Access to Information
Under data protection law you can exercise your right of access by making a written request to receive copies of some of the information we hold on you. If you make your request before 25 May 2018, you will need to pay a £10 fee and you must send us proof of your identity before we can supply the information to you.
From 25 May 2018 you will:
(a) no longer have to pay a £10 fee but we will be allowed to charge you for our reasonable administrative costs in collating and providing you with details of the information we hold about you if your request is clearly unfounded or excessive; and
(b) in certain circumstances, be entitled to receive the information in a structured, commonly used and machine readable form.

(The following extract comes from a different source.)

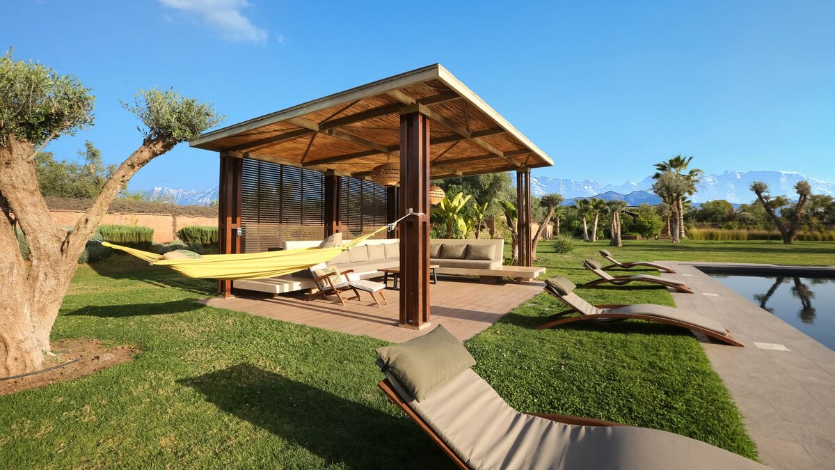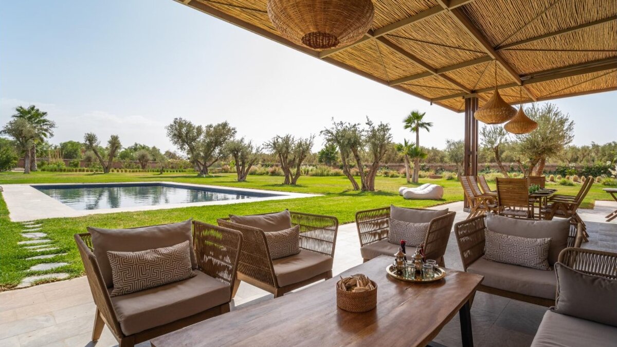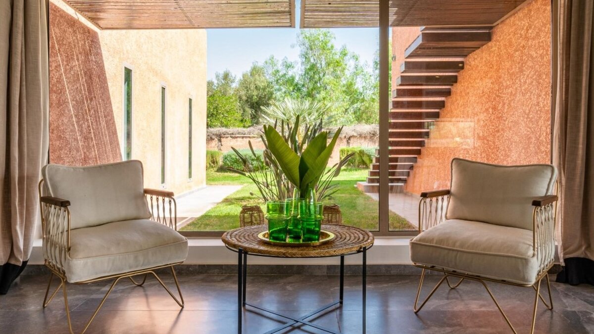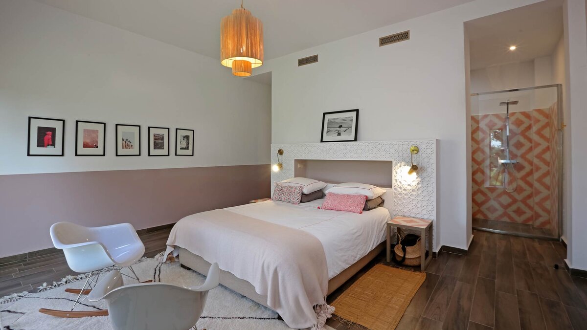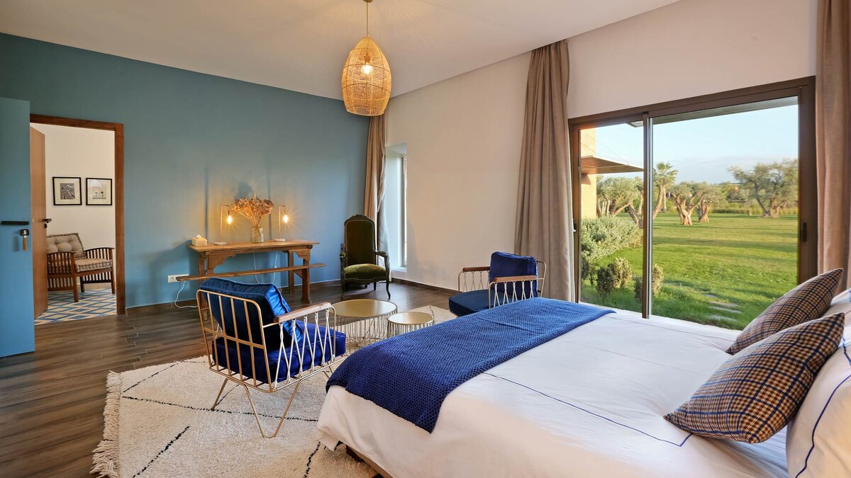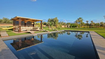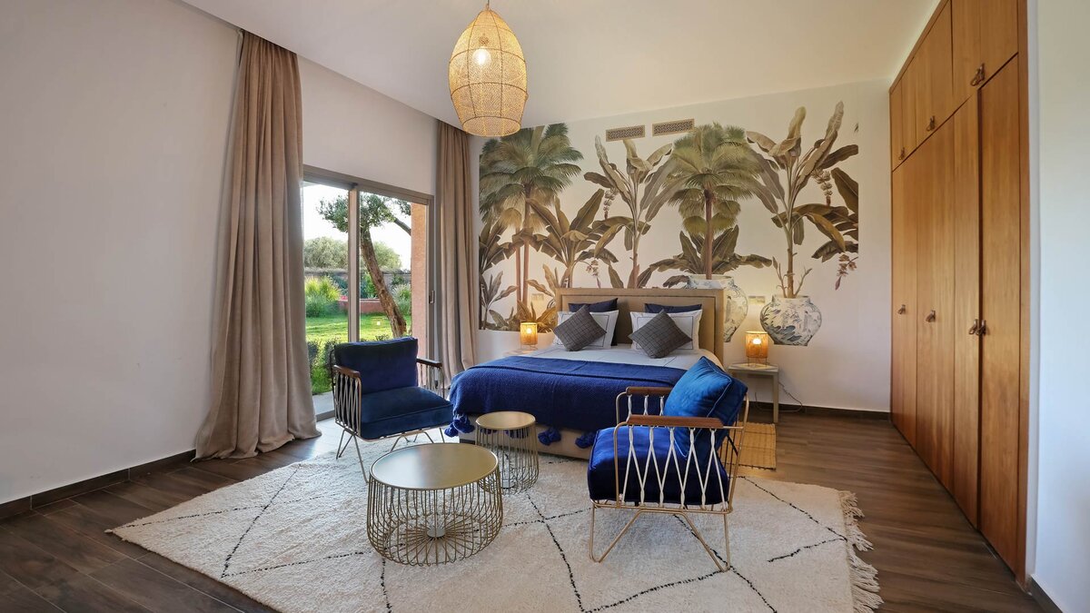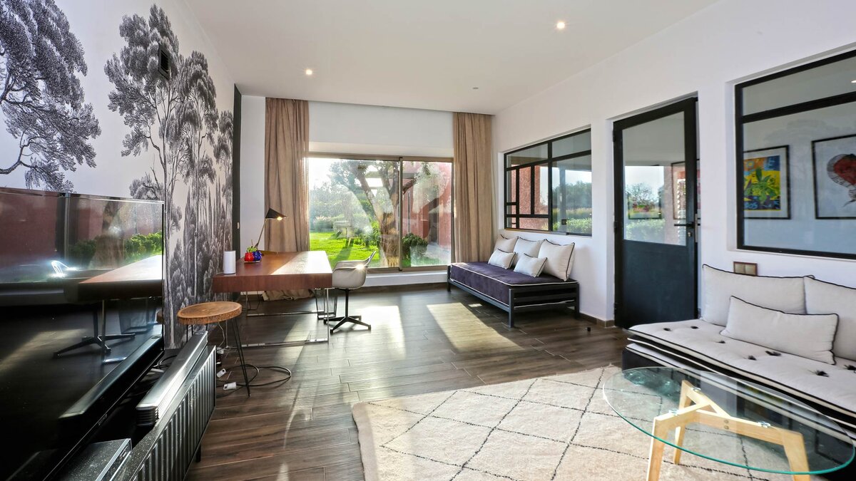 Im Haupthaus gibt es vier geräumige und schön eingerichtete Schlafzimmer, darunter die Master-Suite mit freistehender Badewanne; Die Canvas-Lodge bietet weitere Unterkünfte für vier Personen, darunter ein Schlafzimmer mit Doppelbett und ein Schlafzimmer mit Etagenbett, das ideal für Kinder ist. Der Canvas-Lodge, die sich in der südöstlichen Ecke des Geländes befindet, ist ein einzigartiges Angebot, das es den Gästen ermöglicht, in die Natur einzutauchen. Auf dem Gelände gibt es einen Sand-Boule-Platz, Tischtennis und einen Kinoraum, während die ausgezeichneten Restaurants und Einkaufsmöglichkeiten von Marrakesch nur 15 Minuten entfernt sind.

Unfortunately, the transmission of information via the internet is not completely secure. Although the Society will do its best to protect your personal information, it cannot guarantee the security of your data transmitted to our Website; any transmission is at your own risk.
IP Addresses and Cookies
The Society may collect information about your computer, including where available your IP address, operating system and browser type, for system administration and management. This is statistical data about users’ browsing actions and patterns, and does not identify any individual.
For the same reason, we may obtain information about your general internet usage by using a cookie file which is stored on the hard drive of your computer. Cookies contain information that is transferred to your computer’s hard drive. Cookies help us to improve our Website and deliver a better and more personalised service; to allow us to estimate audience size and usage pattern; to store information about your preferences and so allow our Website to be customised according to your individual interests; to speed up your searches; and to recognise you when you return to our Website.